Mind the Unseen Mass: Unmasking LLM Hallucinations via Soft-Hybrid Alphabet Estimation

arXiv cs.CL / 4/22/2026

📰 NewsIdeas & Deep AnalysisModels & Research

Key Points

  • The paper investigates uncertainty quantification for black-box LLM queries where only a small number of responses can be sampled, making accurate risk estimation difficult.
  • It uses the “effective semantic alphabet size” (the number of distinct meanings in sampled responses) as a proxy for downstream hallucination risk.
  • Frequency-only estimators can miss rare semantic modes with small samples, and graph-spectral measures alone cannot reliably estimate semantic occupancy.
  • The authors propose SHADE, which fuses Generalized Good-Turing coverage with a heat-kernel trace from an entailment-weighted graph over sampled responses, using adaptive fusion rules based on estimated coverage.
  • Experiments on semantic alphabet-size estimation and QA incorrectness detection show SHADE provides the largest gains in the most sample-limited settings, with improvements diminishing as sample counts grow.

Abstract

This paper studies uncertainty quantification for large language models (LLMs) under black-box access, where only a small number of responses can be sampled for each query. In this setting, estimating the effective semantic alphabet size--that is, the number of distinct meanings expressed in the sampled responses--provides a useful proxy for downstream risk. However, frequency-based estimators tend to undercount rare semantic modes when the sample size is small, while graph-spectral quantities alone are not designed to estimate semantic occupancy accurately. To address this issue, we propose SHADE (Soft-Hybrid Alphabet Dynamic Estimator), a simple and interpretable estimator that combines Generalized Good-Turing coverage with a heat-kernel trace of the normalized Laplacian constructed from an entailment-weighted graph over sampled responses.
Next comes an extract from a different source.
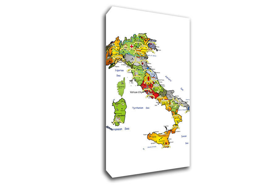 Travel Map Of Italy Wide Canvas Print handmade in the UK. Stretched over a 2 inch thick wooden box frame, ready to hang on your wall.
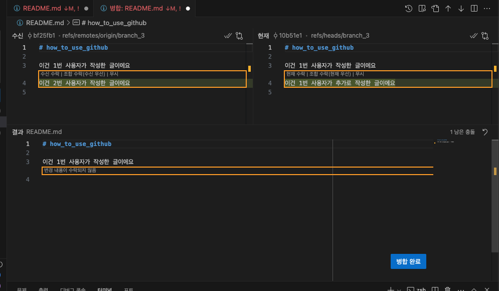 위 사진을 보면 현재 사용자인 1번 사용자가 작성한 부분은 <<<<<<< HEAD 와 ======= 사이에 존재하고

The estimated coverage adaptively determines the fusion rule: under high coverage, SHADE uses a convex combination of the two signals, while under low coverage it applies a LogSumExp fusion to emphasize missing or weakly observed semantic modes. A finite-sample correction is then introduced to stabilize the resulting cardinality estimate before converting it into a coverage-adjusted semantic entropy score. Experiments on pooled semantic alphabet-size estimation against large-sample references and on QA incorrectness detection show that SHADE achieves the strongest improvements in the most sample-limited regime, while the performance gap narrows as the number of samples increases. These results suggest that hybrid semantic occupancy estimation is particularly beneficial when black-box uncertainty quantification must operate under tight sampling budgets.